Unnamed: 0,year_application,nationality,gender
0,2017,ECUATORIANA,FEMENINO
1,2017,FEDERACION DE RUSIA,FEMENINO
2,2017,FRANCESA,FEMENINO
3,2017,CUBANA,FEMENINO
4,2017,ESTADOUNIDENSE,FEMENINO


In [10]:
# 2.1 Selecting columns by indexing and list
print(visa_applications[selected_columns].__class__)
print(visa_applications['year_application'].__class__)

<class 'pandas.core.frame.DataFrame'>
<class 'pandas.core.series.Series'>


In [11]:
# 2.2 Selecting columns using loc
print(visa_applications.loc[:, ['year_application']].__class__)
print(visa_applications.loc[:, 'year_application'].__class__)
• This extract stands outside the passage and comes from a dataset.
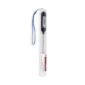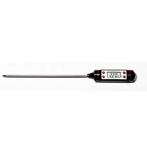 Especificações: Termômetro Culinário Digital Espeto Alimentos Cozinha - Mede de -50C a +300C- Escala: 0,1 C- Bateria 1,5V AG13 (Inclusa)- Tamanho: 23cm- Modo de economia de energia: desliga automaticamente após 10 minutos sem uso. principais botões:- Ligar/desligar, centígrados/Fahrenheit e Função Hold (Fixa última medição)- Memória da última medição- Desligamento automático para economia de energia Instruções 1- Pressione o Botão Hold para fixar a temperatura quando estiver medindo e pressione novamente para iniciar uma nova medição.2 - Pressione C e F para selecionar a escala que deseja utilizar.3 - On/Off - Liga e desliga o aparelho4 - Max/Min. Mostra a maior e a menor temperatura medida.

<class 'pandas.core.frame.DataFrame'>
<class 'pandas.core.series.Series'>


#### Keep in mind

1. The DataFrame index operator is very flexible and capable of accepting a number of different objects.
2.  Usually, a single column is selected with a *string*, resulting in a **Series**. When a **DataFrame** is desired, put the column name in a *single-element* list.
3.  `loc` attrbiute is very usepful to select columns based in label names. Use it for series or DataFrames, as required.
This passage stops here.